Digiday Research: YouTube is the easiest platform for European publishers to monetize

This research is based on unique data collected from our proprietary audience of publisher, agency, brand and tech insiders. It’s available to Digiday+ members. More from the series →

YouTube is currently the easiest platform for European publishers to monetize ahead of Instagram, Twitter and Facebook, according to a survey of 48 publishing executives conducted at the Digiday Publishing Summit Europe in October.

Survey respondents were asked to rate social platforms on how easy or difficult they are to generate revenues from, with a rating of one being the most difficult and a rating of five being the easiest. YouTube was rated a 3.18, while one prominent platform, Snapchat, was rated second-to-last at 1.89.

YouTube may be viewed as the easiest platform to monetize, but publishers have to be careful about how they leverage it.
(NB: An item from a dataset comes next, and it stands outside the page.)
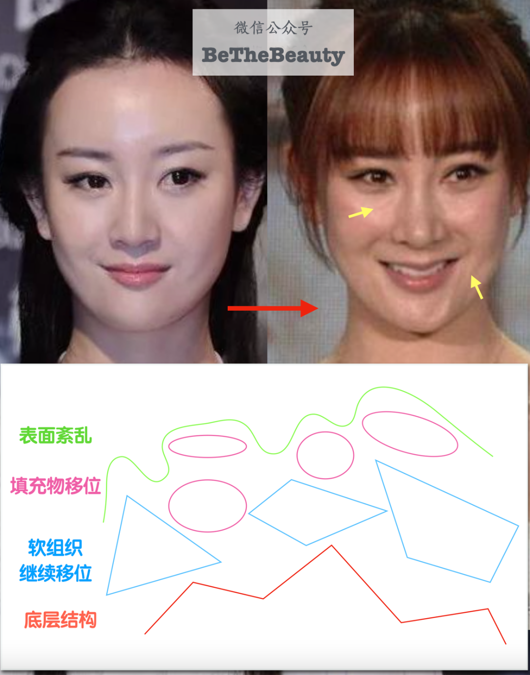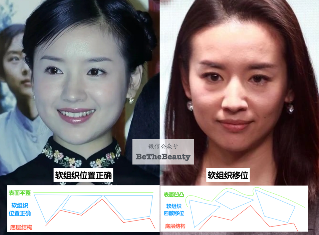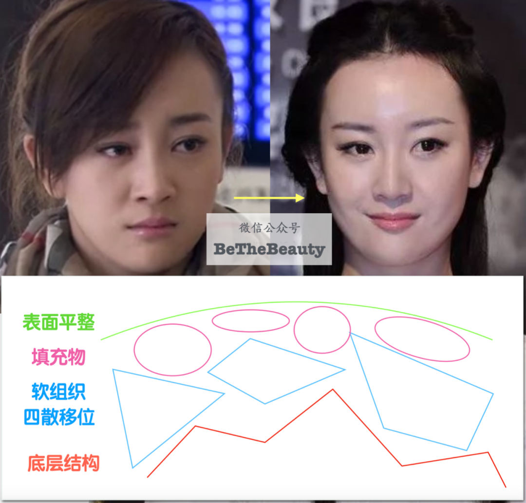 王子文vs杨紫:do脸天花板翻车vs科技感普味变美,咋打败「do脸保质期」? BeTheBeauty 内地女星 2024-12-15 11:18:39 174 创作不易,用心坚持,欢迎请BaGua喝几杯爱心咖啡!打赏并支持本文 打赏并删除本文 Do脸是不是有保质期?会有这疑问,是因为最近,两位之前都被肯定「很会调」的明星,都被拍到大翻车:首先是王子文,公认填充天花板:▲右边真的很绝但最近上活动,被拍到这一组,感觉相当崩:▲啊类似还有孔雪儿,之前美商在线被夸进化成功:▲右边好看太多但最近现场照,被拍到脸变形:▲鼻子、嘴、脸都歪了相反,一直被怼普和不自然的杨紫:▲一些翻车造型最近倒是大翻身,跟张柏芝合照也没被碾压:▲当然张柏芝这个造型也很一言难尽为啥这仨有人翻车,有人翻身,是因为do脸有保质期吗?普通人咋避雷,才能状态长期在线还自然?我是简妮,喜欢拆解一切变美、变智慧、变幸福的「底层逻辑」,7年内获数千万人认可的「授人以渔」型干货博主。今天就听我跟大家聊聊看吧,一期掰开揉碎讲清~ 保你看完一定有新视角!01翻车因为啥?先打个预防针,下面的内容可能跟很多人以为的很不一样。毕竟,你们看过的很多内容,可能都是一张崩图,然后告诉你做啥做啥项目就能好——简妮我不打算这么写,甚至要告诉你,真信这套,很容易被忽悠。为啥我这么说呢?就比如开头王子文翻车这个,公平点说确实很翻:▲感觉老了很多但实际上,同场活动,换个角度和灯光,人家状态挺好的:▲这线条▲动图也挺好那你要把这个状态当翻车,然后去反do一遍项目,可不就是精准搞反了吗?实际上,差状态是真的,好状态也是真的,要理解为啥能共存,就要引入一个概念「内轮廓」。我们平常说的脸型,例如瓜子脸鹅蛋脸这种,其实是脸型的外圈。但除此之外,还有「内轮廓」或者说脸型的「内圈」(这概念我说了好几年啦),这也会影响外观:▲外圈外轮廓、内圈内轮廓放大一点,我们会发现,「内轮廓」上半段更多看骨骼,看你太阳穴、眉骨和颧骨的轮廓(因为这块没啥肉)。▲上半段流畅vs上半段骨骼不太匹配显得缺块而「内轮廓」的下半段则更看皮肉:包括不限于,颧骨下皮肉有没有凹显出肌肉线条,软组织有没有移位,整体凹还是饱满等。▲内轮廓下半段,看皮肉的纹理「骨相」「皮相」大家应该已经听厌了,但其实「肉相」也很重要——虽然肉相好不一定能大幅抬高颜值,但肉相差绝对能狠拖个后腿,包括很容易显年龄感和脸崩感,且听我细细道来:年轻人「肉相」通常比较好,组织都在该在的位置,表层还有一层胶原蛋白和脂肪「找平」。整体看起来,就像完整的蛋糕坯上,厚糊了一层奶油,看着就润润的、平平的。▲刘亦菲的肉相就相当不错,原始状态就很平整但有些人天生肉相就不太行,有些地方缺点肉,有些地方多点肉,或者肉不在该在的位置。年轻的时候仔细看,就有点瑕疵:▲王子文年轻就有嘴角嘟嘟肉,颧骨下肉少略凹那这种脸即使后续填充得很好,能做到外轮廓很饱满流畅:▲王子文脸型确实不错但先天肉的分布不太行这点,无法完全逆转,还是需要在接受基础上改善,然后扬长避短。像王子文,简妮我觉得她是填充天花板毫无问题,因为她do得非常恰好好处。中间有段时间,脸颊是凹的,人也看着很硬很刻薄:▲估计是去脂了对比后续填充天花板时期,后期内轮廓明显变软变饱满,回春感很强:▲略微饱满了但即使是填得很恰好,也无法从根本上逆转天生肉分布不太行这点,所以挑妆、挑光线。其实王一般光线下看,状态都还不错:▲随手找几个但如果是跟这次翻车类似的侧打光,凸显内轮廓里下半张脸的皮肉纹理,就会感觉皮肉「乱七八糟」的:▲不太行有补光会好一点,就是内轮廓这条线没太明显,看着都还行:▲还行但肉相不行,顶光也很要命,很容易强化多肉凸起的部分:▲嘴角嘟嘟肉和法令纹处堆积,都很明显这方面最惨烈的当属伊能静,婚礼想有个好状态无可厚非,但偏偏遇上顶光:▲高圆圆真神颜所以你会发现大量皮肉有问题的人,一碰到顶光or偏顶光就非常翻车:▲孔雪儿▲后期朴敏英别说do脸派了,天然派如果不会选光线,也容易扬短避长。例如陈都灵,其实整体面部还是比较平整年轻的,但嘴角比较松弛,口周皮肉比较乱,轻微而已:▲绝大多数时候都不明显光线柔和散射时,只看到整体莹润如珍珠,看不出小问题:▲说是女大学生都没问题但你换侧光,效果就不好说了。笑起来还好:▲因为笑起来会上提说起话来,就各种别扭:▲下半脸的肌肉纹理很乱▲跟王子文这里异曲同工所以啊,不要看到「崩图」就恐慌,人没有360°各种光线都好看的,又不是人均张柏芝。很多崩图,其实也只是「那个角度」「那个光线」特别崩,明星也逃不过,更别说咱普通人了,别直接就容貌焦虑了。因为,一旦你容貌焦虑,那你很可能直接把自己带坑里,让肉相差上加差——02肉相问题在哪要知道,任何肉相的人,「年轻」时都自带肉相平整buff。肉少一点骨支撑力强点的,内轮廓线条利落点。肉多一点骨支撑力弱点的,内轮廓线条散软些,但整体都还比较平整。▲肉少肉多,两种形态但随着年纪增大,一个是软组织会移位,类似一个完整的蛋糕坯分裂成了好几块,而且都在漂移,底就不平。▲脂肪开始四散▲示意图▲脸也不再平整,变成好几块而胶原蛋白和脂肪的流失,还会让表层的「奶油」大幅变薄,更明显显出凹凸、线条、断层等。章泽天这点很典
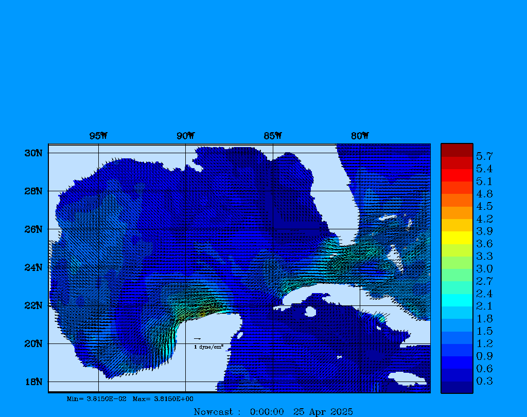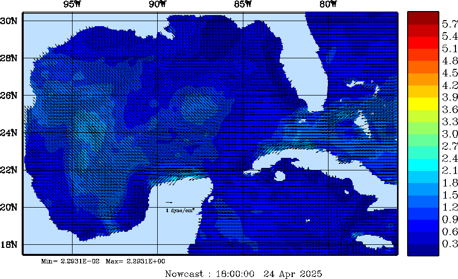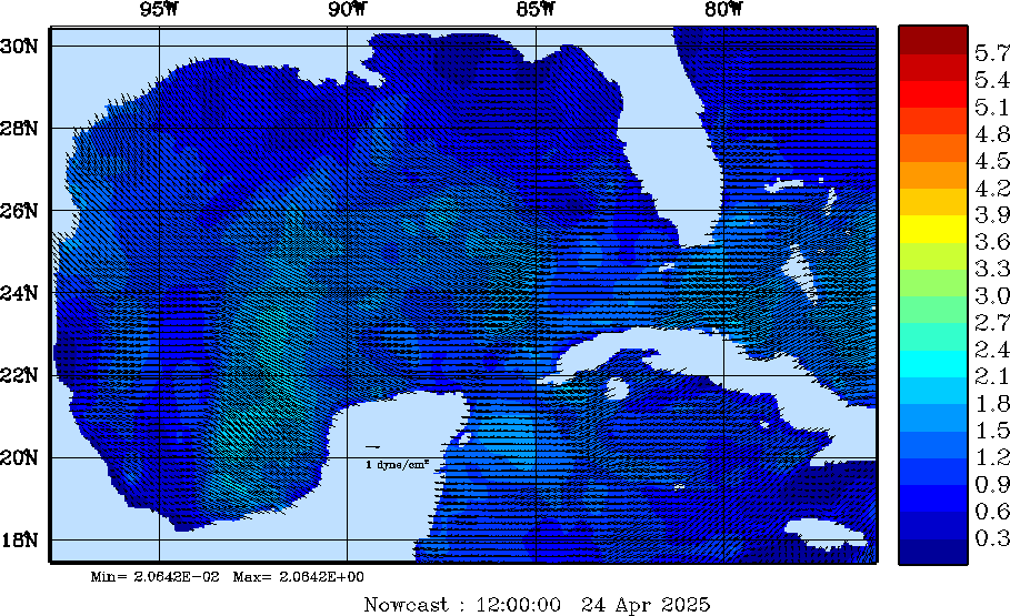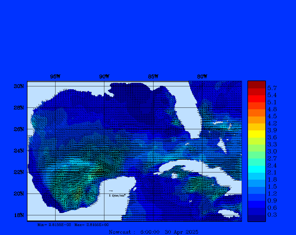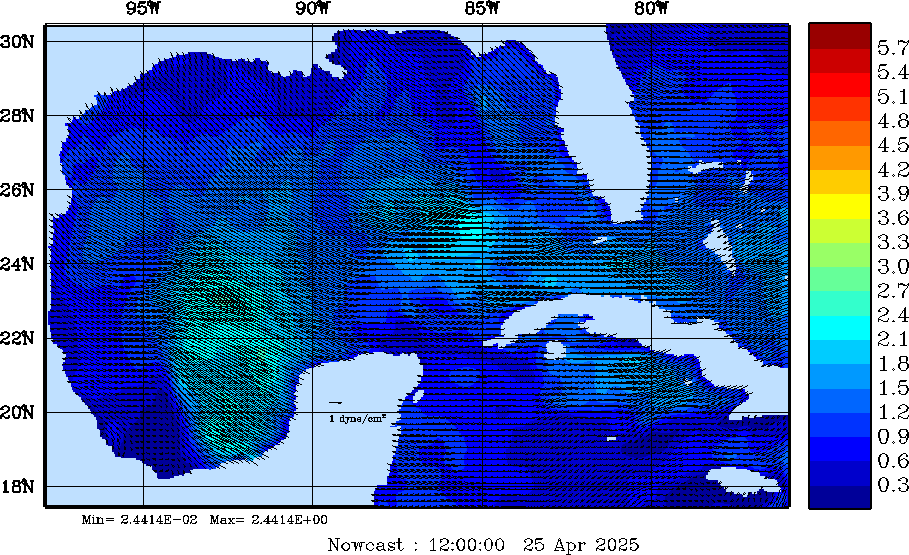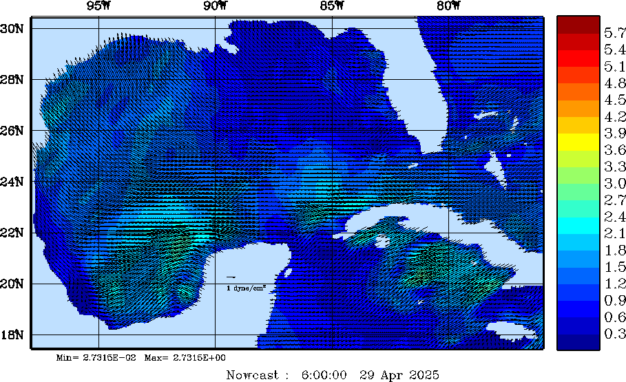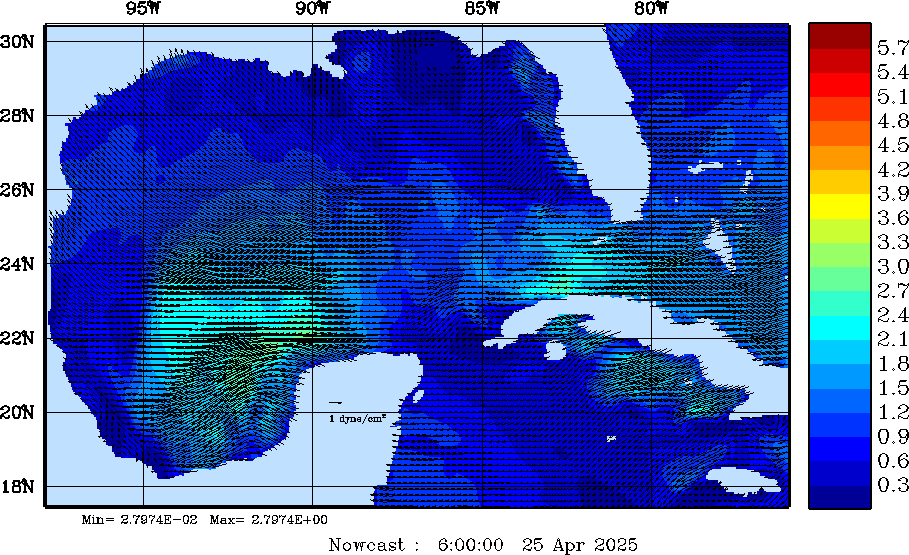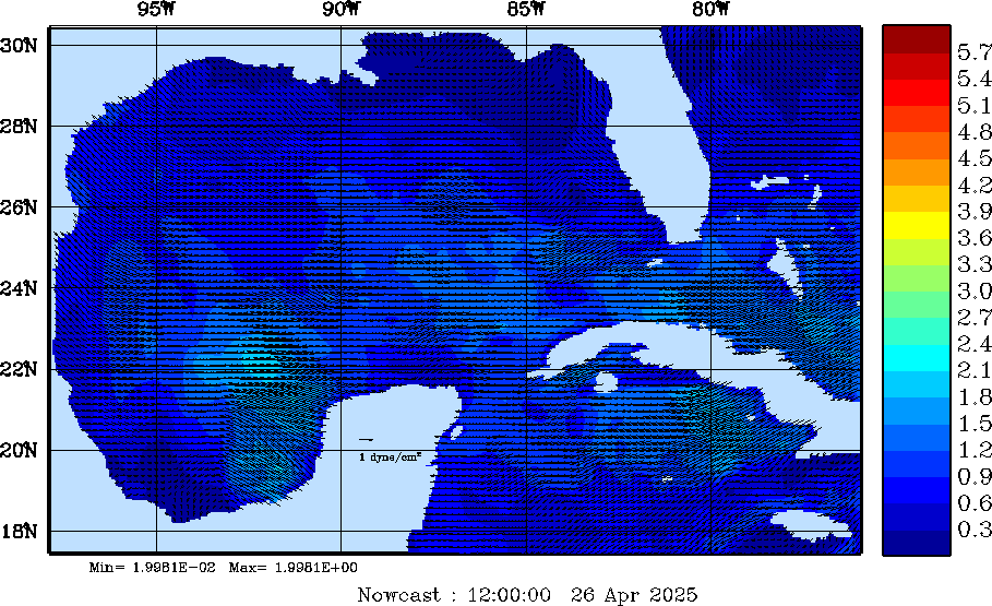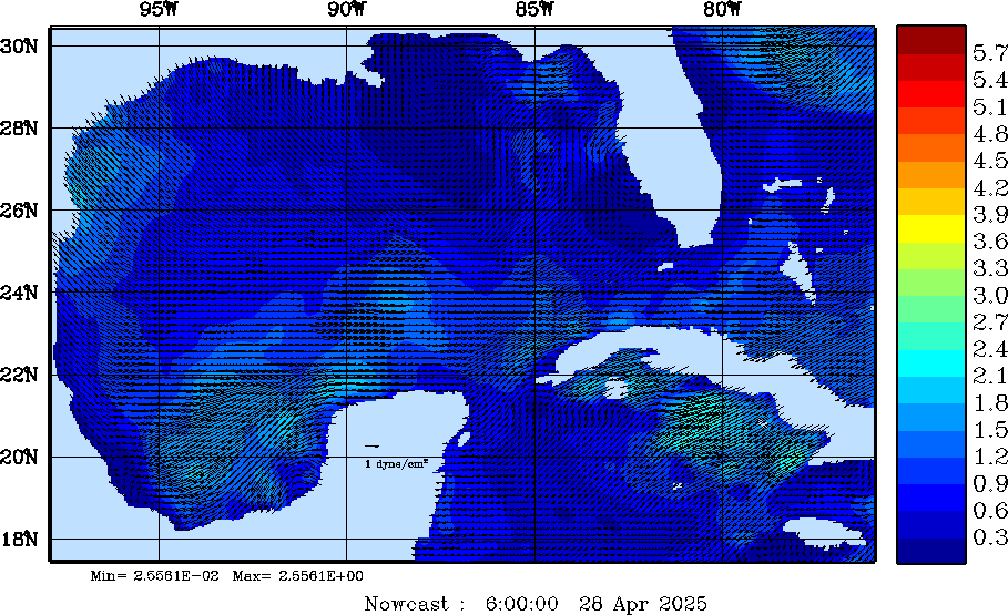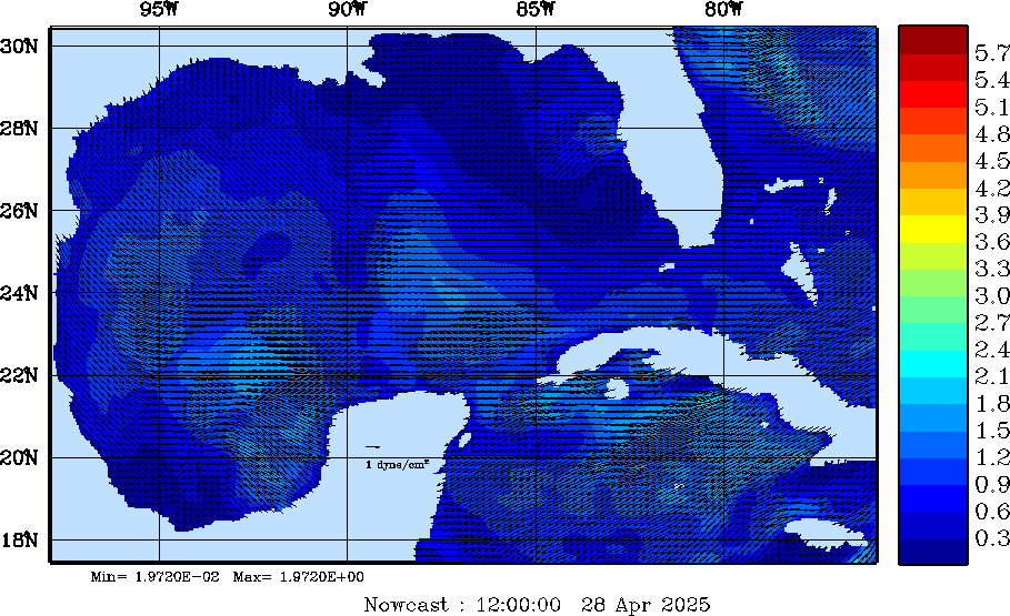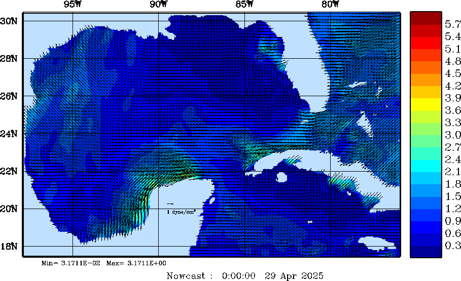 Wind Stress Snapshots (dynes/cm2); processed by MSEAS from merged NCEP fields |

Relying purely on video advertising revenues, when YouTube takes a 45 percent cut, may not be sustainable. As an alternative, many publishers are gravitating towards branded content, which can give them more control over their margins and pricing.

Publishers are also finding success selling their inventory on YouTube directly to brands and agencies in some cases, assuming they have the ability and scale to do so. Because publishers have a better understand of their audiences and how to market their products, some can sell YouTube inventory at higher CPMs than they could garner through Google Adsense.

Other platforms have attempted to fill the void Facebook left when it announced it would prioritize content users’ posts over publishers’ content back in January.

Twitter, for example, made a string of moves this year to offer new rewards to publishers. Earlier this year European publishers noticed Twitter delivering an increased share of referral traffic, which could help explain why they rated it above Facebook in the Digiday survey. Not only have video views shot up for European publishers on the platform, but Twitter recommitted its advertising efforts on video ads, which have paid high dividends for publishers running video shows.

When it comes to Apple News, the results have been mixed. Stylist abandoned IGTV for Apple News in search of better reach and greater advertising opportunities, but one anonymous publisher executive at the event told Digiday that their ability to monetize Apple News was in the “pennies.”

Other platforms are just starting to make their moves. Snapchat made Shows available to users in Norway due to the high rates of adoption in the country. However as long as user adoption for major social platforms slows, or declines in some cases, as it has for Snapchat, publishers will have a hard time pushing platforms to open up new monetization opportunities for them unless the platforms themselves find alternative revenue streams to tap into.